1er Premio Narrativa IX Certamen Literario Ateneo Blasco Ibáñez 2018
OMAR
No sé hasta donde podré llegar con esta grabación. Voy a morir. Tampoco es que mis últimas palabras pudieran servir a nadie de mucho más que a mí mismo. Y más que a mí, tal vez a mi vanidad de contar una historia. La última. Tengo 18 años y voy a morir. Supongo que si fuera un anciano, también pensaría que no es tiempo de morir. Pero es que a los 18 años, no es tiempo de morir. Este bruto me ha metido una bala en el muslo y otra en el estómago. Como buen profesional, ha sabido que, si no estaba muerto ya, no tardaría más que algunos minutos en hacerlo. Después, me ha arrebatado el móvil que llevaba en mi pequeña mochila, y se ha marchado, seguro que con el convencimiento de que ya estoy haciendo en tránsito de la vida a la muerte. Y ha acertado. Tal vez por eso, no se ha molestado en sacar de mi mochila la pequeña grabadora en la que llevo la música que tanto aborrece. También se ha llevado mi documento de identidad, supongo que para hacer perder algún tiempo a quien encuentre mi cuerpo. En la ensoñación que da el transito de la vida a la muerte, he creído entender que me hacia una foto. Será para poder dar fe a los suyos de que estoy muerto.

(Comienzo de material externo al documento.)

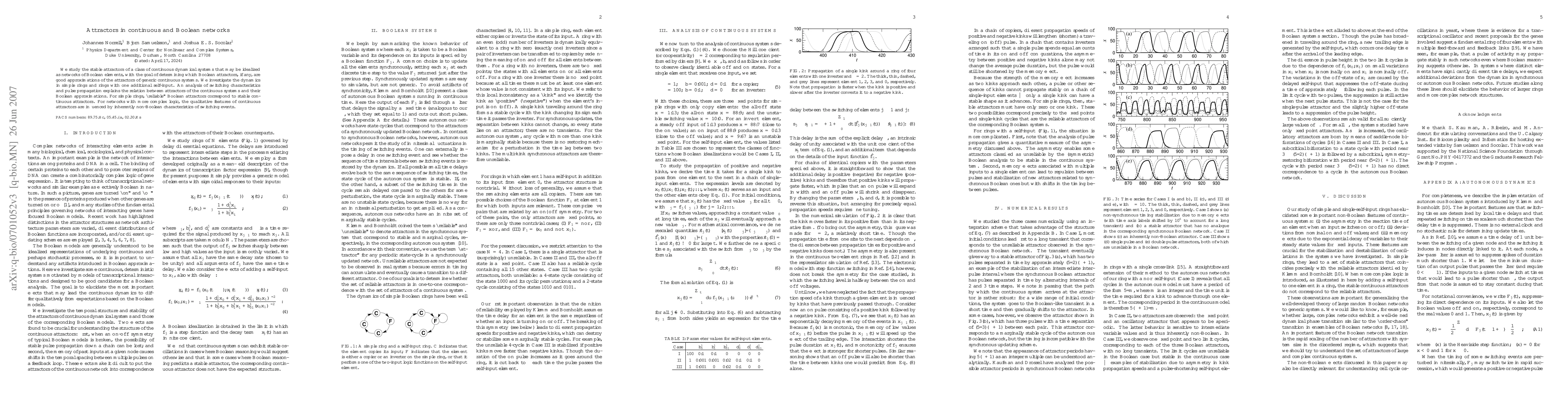 The paper presents an analysis of switching characteristics and pulse propagation to explain the relation between Boolean and continuous attractor properties.

Me llamo Omar. Soy español, puesto que en España nací hace 18 años, cuando mis padres cruzaron el Mediterráneo en una patera para recalar en la costa de Alicante, donde a un par de kilómetros de tierra, el bote de goma en que luego me contaron que viajaban 56 personas, fue interceptado por una lancha patrullera que les condujo a tierra firme. Me dicen que los demás, no corrieron la misma suerte que mis padres. Yo, de modo inconciente, fui el salvoconducto para que mis progenitores obtuvieran la residencia española. A los pocos minutos, mi madre fue llevada en una ambulancia al hospital donde comencé a berrear a las dos horas de haber pisado tierra española.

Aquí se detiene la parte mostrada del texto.